Entries provided section start

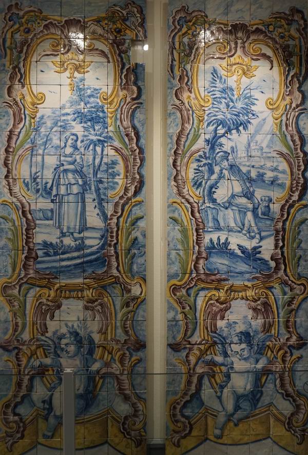 从18世纪中期开始,一种全新的国际风尚“洛可可”被葡萄牙瓷板画吸纳,呈现一种法式风情。1755年大地震后里斯本重建,推动了花纹组合瓷板画生产传统的恢复,墙壁装饰的样式从“洛可可”风格转变为“新古典主义”风格。
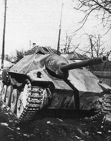 САУ Hetzer, подбитая в ходе боев в Будапеште. Февраль 1945 года. Номер 115 нанесен советской трофейной командой
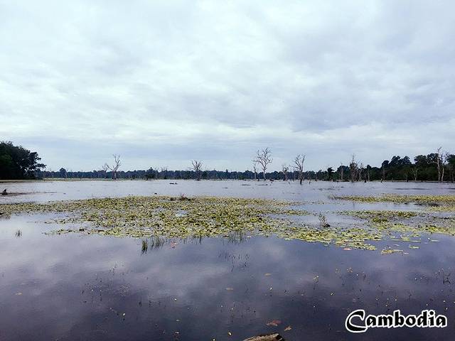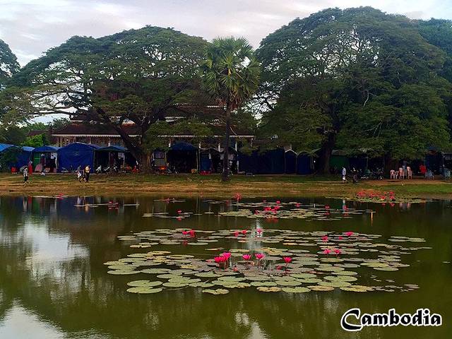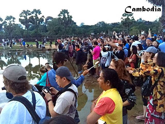 我怀着激动的心一夜都没睡好,四点钟就起来准备,五点出发去迎接日出。路南只有水塘没有荷花,人不多,路北早早挤满了人,为了选择一个最佳拍摄的位置大家都蛮拼的,人群里三层外三层,我就算拿着自拍杆伸出去也拍不到最好的画面啊,发现一些人站在水里,很多人穿着运动鞋不敢下水,我穿了拖鞋,果断挽起裤脚,拨开人群走进荷塘,背后一个同胞说:这大姐够为艺术献身啊!站在水里的都是高手啊,一看设备都专业的不要不要的,我拿着小微单凑过去就有个老外嚷着:Be careful!我的设备很昂贵!NND,无心和她吵,我忍下这口气,只想静静的等候日出。开始有一抹淡淡的红出现在三塔后面,所有人此刻都安静的虔诚的等候,耳边只有快门声此起彼伏的响起。期待着那红色会鲜艳起来,蔓延开来,可是它却逐渐暗淡下去,没有奇迹发生,天就这么亮了,一次失败的日出开启我第一天的吴哥之旅,多少有些遗憾!
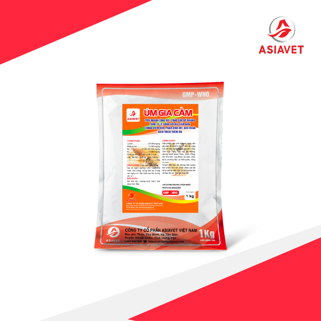 Úm gia cầm của Asiavet giúp tiêu nhanh lòng đỏ, tăng sức đề kháng, tăng tỷ lệ sống với gia cầm non. Sản phẩm giúp chống viêm rốn, phân dính đít, khô chân, kích thích thèm ăn.
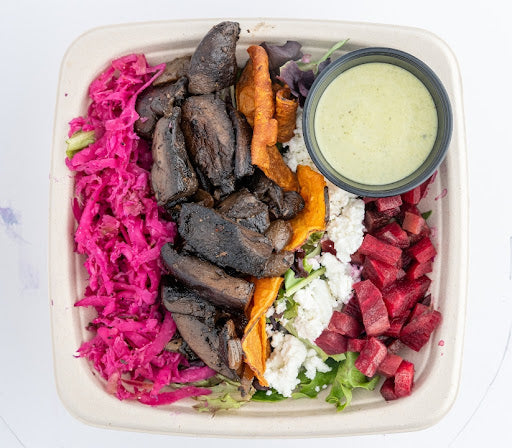 grilled portobello wrapped in beet & chia seed dough green papaya slaw, goat cheese, beets, sweet potato chips, sage aioli.
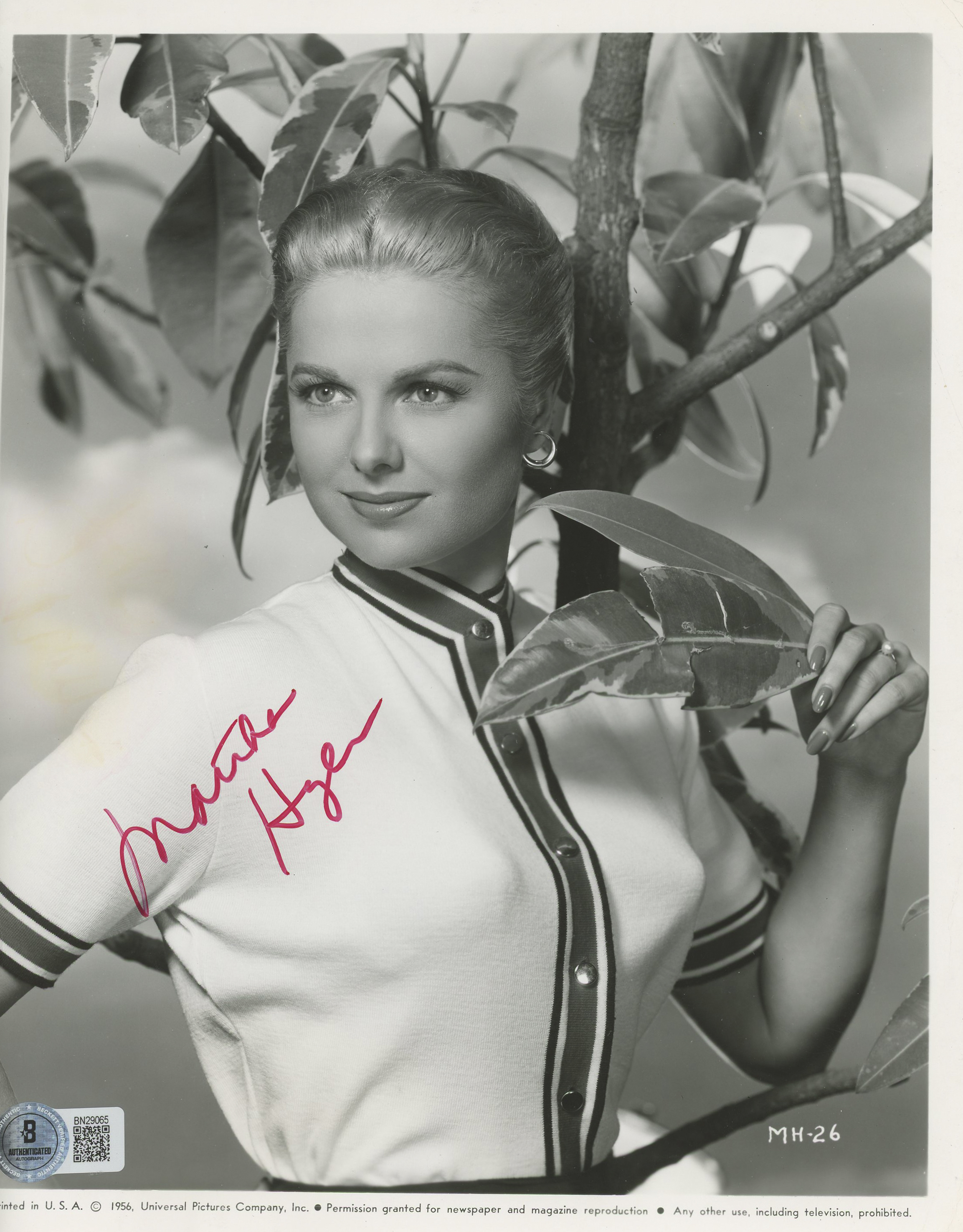 This Autographed 8x10 Photo has been Personally Signed by Martha Hyer of My Man Godfrey. This item is 100% Authentic to include a hologram by Beckett Authentication Services. This item will come with an affixed Beckett Authentication Services (BAS) authentication sticker, which includes a scannable QR code to verify authenticity. Please note that Beckett no longer provides serial-numbered COA cards, and the attached BAS sticker will serve as the complete authentication for this item. The authenticity can be verified on Beckett Authentication Services website.
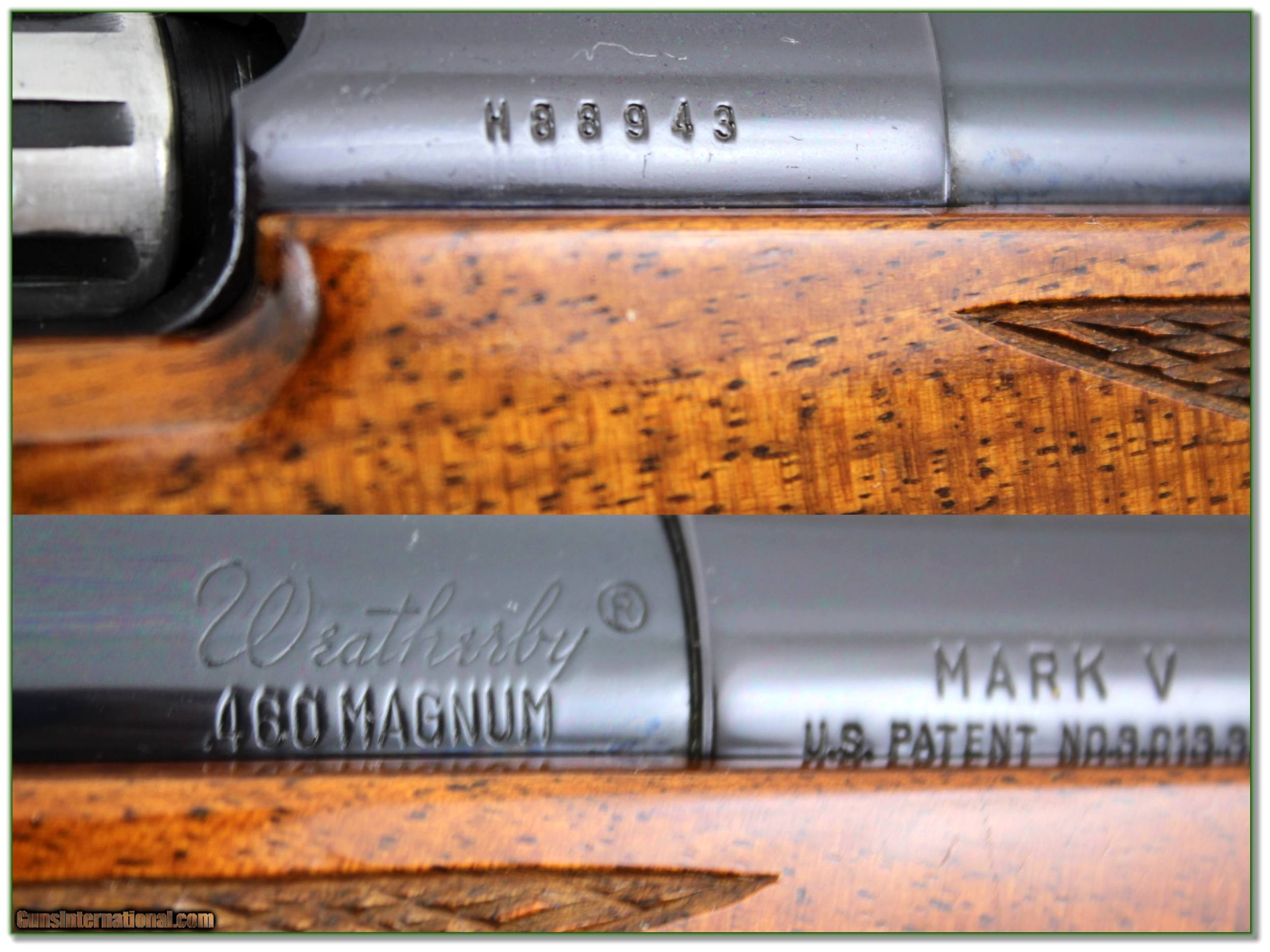 Description: This is a Weatherby Mark V Deluxe in the big 460 Weatherby Magnum. It is a Custom Shop Mark V with Checkered Bolt handle, Jeweled bolt and follower, engraved floorplate and accurized! It has some hunting use with a few marks here and there but like most, only a few rounds. It has a mirror bore with sharp rifling. If you ever wanted a 460 to take to Africa, this one is a fine choice! Shipping and insurance is $39. Please email me with any questions or larger pictures. (Consign your quality firearms with Shooting Investments for only 12%! Let me know if you have any you would like to sell!) 20-0878 Payment: Payment is by Money Order, Cashiers Check or Personal Check. I can now also accept Credit Cards (MasterCard, Visa, Discover & American Express) with a 3% convenience fee. Shipping: The shipping charge will be listed in each description. It is $39 for most firearms. Some heavy guns or those insured for over $2000 will be higher. Shipments to Alaska and Hawaii are higher because air shipment is required. Most firearms are shipped on Tuesday and Thursday and usually in 5 days of receipt of payment. We package all shipments carefully and insure them. Optics are shipped Priority Mail and most other non-firearm shipments are shipped First Class. Returns: Our return policy is simple. If for any reason you are not pleased with your purchase, you may return your item for a full refund of purchase price. Ammunition cannot be returned. It is important to us that you are happy. Guns cannot be fired or dissembled before returning them and they must be returned in the same condition as received. Notification of a return must occur with-in 3 days of receipt at your dealer. Shipping, convenience and dealer fees are not refundable and are the responsibility of the buyer. Lay-a-way: If needed, we offer a 60 day lay-a-way option on most firearms. It is 1/3 now, 1/3 in 30 days and 1/3 in 60 days. Lay-a-way firearm sales are final and if not completed the first payment cannot be returned. Consigning your firearms with Shooting Investments: We will help you get top dollar for your firearms. While most local guns shops charge 20% or more, our fee is only 12% with a minimum of $75. At your local gun shop it might take months to sell. Selling on-line provides instant access to thousands of interested buyers. You won’t find any other on-line dealer willing to sell your firearms for only 12% or listing every gun on 3 separate s. Selling through an House typically costs the seller 15% and the buyer an addition 15% (so 30%) and you have to wait several months to sell and longer to receive funds. If properly priced, we will sell your firearms in a few weeks. Send us an email or give us a call and we’ll explain how easy it is for you to get top dollar. Trading: Trading for use is really just buying your gun to re-sell. If you have a gun you want to trade, please email a picture and we will let you know what we can give or it. You will always get more if we sell it for you on consignment. Help for California Buyers: We are happy to ship to California. It is the buyer’s responsibility to make sure any item you buy is legal in your state. We are also happy to help with your purchase of a firearm from someone other than us. If you see a gun you would like to buy but the seller can’t or won’t ship to California they can ship to use and we’ll then ship it to your California dealer. The cost for this service is only $30 + shipping. Let us know if we can help! SOLD |
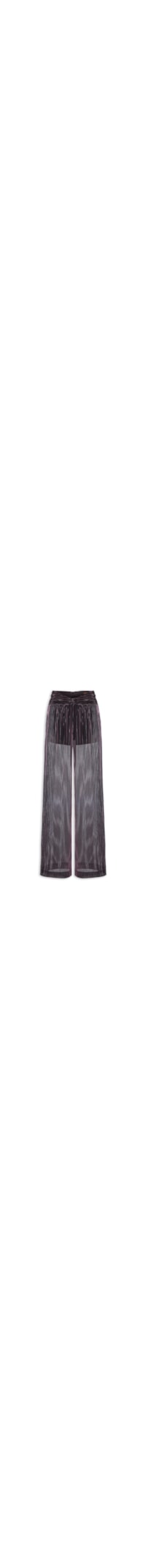 A calça preta é confeccionada em malha com média elasticidade. A peça solta ao corpo possui cintura alta, cós amplo com recorte posterior e detalhe de torção na parte frontal, meio forro, transparência, padronagem listrada nas cores prata e vinho com efeito degradê, comprimento longo e fechamento posterior por zíper invisível.
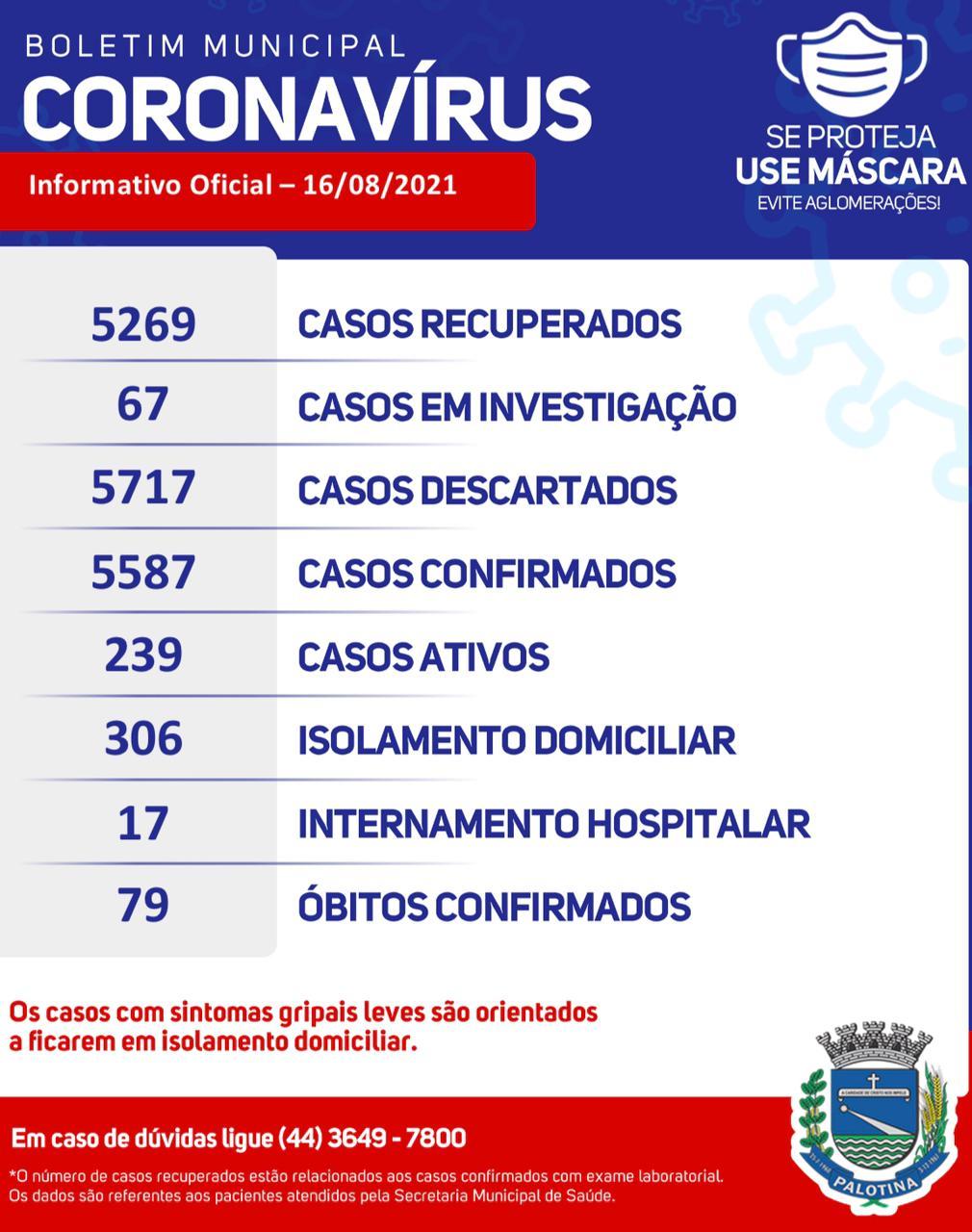 O boletim informativo desta segunda-feira (16), divulgado pela Secretaria Municipal de Saúde de Palotina, aponta que 26 novos casos de Covid-19 foram confirmados no município, 29 pacientes se recuperaram nas últimas 24 horas, 17 pessoas estão internadas e o número de casos ativos somam 239.

Entries provided section end

What you should do:
Return the records above verbatim, images excluded.

Task answer:
 从18世纪中期开始,一种全新的国际风尚“洛可可”被葡萄牙瓷板画吸纳,呈现一种法式风情。1755年大地震后里斯本重建,推动了花纹组合瓷板画生产传统的恢复,墙壁装饰的样式从“洛可可”风格转变为“新古典主义”风格。
 САУ Hetzer, подбитая в ходе боев в Будапеште. Февраль 1945 года. Номер 115 нанесен советской трофейной командой
 我怀着激动的心一夜都没睡好,四点钟就起来准备,五点出发去迎接日出。路南只有水塘没有荷花,人不多,路北早早挤满了人,为了选择一个最佳拍摄的位置大家都蛮拼的,人群里三层外三层,我就算拿着自拍杆伸出去也拍不到最好的画面啊,发现一些人站在水里,很多人穿着运动鞋不敢下水,我穿了拖鞋,果断挽起裤脚,拨开人群走进荷塘,背后一个同胞说:这大姐够为艺术献身啊!站在水里的都是高手啊,一看设备都专业的不要不要的,我拿着小微单凑过去就有个老外嚷着:Be careful!我的设备很昂贵!NND,无心和她吵,我忍下这口气,只想静静的等候日出。开始有一抹淡淡的红出现在三塔后面,所有人此刻都安静的虔诚的等候,耳边只有快门声此起彼伏的响起。期待着那红色会鲜艳起来,蔓延开来,可是它却逐渐暗淡下去,没有奇迹发生,天就这么亮了,一次失败的日出开启我第一天的吴哥之旅,多少有些遗憾!
 Úm gia cầm của Asiavet giúp tiêu nhanh lòng đỏ, tăng sức đề kháng, tăng tỷ lệ sống với gia cầm non. Sản phẩm giúp chống viêm rốn, phân dính đít, khô chân, kích thích thèm ăn.
 grilled portobello wrapped in beet & chia seed dough green papaya slaw, goat cheese, beets, sweet potato chips, sage aioli.
 This Autographed 8x10 Photo has been Personally Signed by Martha Hyer of My Man Godfrey. This item is 100% Authentic to include a hologram by Beckett Authentication Services. This item will come with an affixed Beckett Authentication Services (BAS) authentication sticker, which includes a scannable QR code to verify authenticity. Please note that Beckett no longer provides serial-numbered COA cards, and the attached BAS sticker will serve as the complete authentication for this item. The authenticity can be verified on Beckett Authentication Services website.
 Description: This is a Weatherby Mark V Deluxe in the big 460 Weatherby Magnum. It is a Custom Shop Mark V with Checkered Bolt handle, Jeweled bolt and follower, engraved floorplate and accurized! It has some hunting use with a few marks here and there but like most, only a few rounds. It has a mirror bore with sharp rifling. If you ever wanted a 460 to take to Africa, this one is a fine choice! Shipping and insurance is $39. Please email me with any questions or larger pictures. (Consign your quality firearms with Shooting Investments for only 12%! Let me know if you have any you would like to sell!) 20-0878 Payment: Payment is by Money Order, Cashiers Check or Personal Check. I can now also accept Credit Cards (MasterCard, Visa, Discover & American Express) with a 3% convenience fee. Shipping: The shipping charge will be listed in each description. It is $39 for most firearms. Some heavy guns or those insured for over $2000 will be higher. Shipments to Alaska and Hawaii are higher because air shipment is required. Most firearms are shipped on Tuesday and Thursday and usually in 5 days of receipt of payment. We package all shipments carefully and insure them. Optics are shipped Priority Mail and most other non-firearm shipments are shipped First Class. Returns: Our return policy is simple. If for any reason you are not pleased with your purchase, you may return your item for a full refund of purchase price. Ammunition cannot be returned. It is important to us that you are happy. Guns cannot be fired or dissembled before returning them and they must be returned in the same condition as received. Notification of a return must occur with-in 3 days of receipt at your dealer. Shipping, convenience and dealer fees are not refundable and are the responsibility of the buyer. Lay-a-way: If needed, we offer a 60 day lay-a-way option on most firearms. It is 1/3 now, 1/3 in 30 days and 1/3 in 60 days. Lay-a-way firearm sales are final and if not completed the first payment cannot be returned. Consigning your firearms with Shooting Investments: We will help you get top dollar for your firearms. While most local guns shops charge 20% or more, our fee is only 12% with a minimum of $75. At your local gun shop it might take months to sell. Selling on-line provides instant access to thousands of interested buyers. You won’t find any other on-line dealer willing to sell your firearms for only 12% or listing every gun on 3 separate s. Selling through an House typically costs the seller 15% and the buyer an addition 15% (so 30%) and you have to wait several months to sell and longer to receive funds. If properly priced, we will sell your firearms in a few weeks. Send us an email or give us a call and we’ll explain how easy it is for you to get top dollar. Trading: Trading for use is really just buying your gun to re-sell. If you have a gun you want to trade, please email a picture and we will let you know what we can give or it. You will always get more if we sell it for you on consignment. Help for California Buyers: We are happy to ship to California. It is the buyer’s responsibility to make sure any item you buy is legal in your state. We are also happy to help with your purchase of a firearm from someone other than us. If you see a gun you would like to buy but the seller can’t or won’t ship to California they can ship to use and we’ll then ship it to your California dealer. The cost for this service is only $30 + shipping. Let us know if we can help! SOLD |
 A calça preta é confeccionada em malha com média elasticidade. A peça solta ao corpo possui cintura alta, cós amplo com recorte posterior e detalhe de torção na parte frontal, meio forro, transparência, padronagem listrada nas cores prata e vinho com efeito degradê, comprimento longo e fechamento posterior por zíper invisível.
 O boletim informativo desta segunda-feira (16), divulgado pela Secretaria Municipal de Saúde de Palotina, aponta que 26 novos casos de Covid-19 foram confirmados no município, 29 pacientes se recuperaram nas últimas 24 horas, 17 pessoas estão internadas e o número de casos ativos somam 239.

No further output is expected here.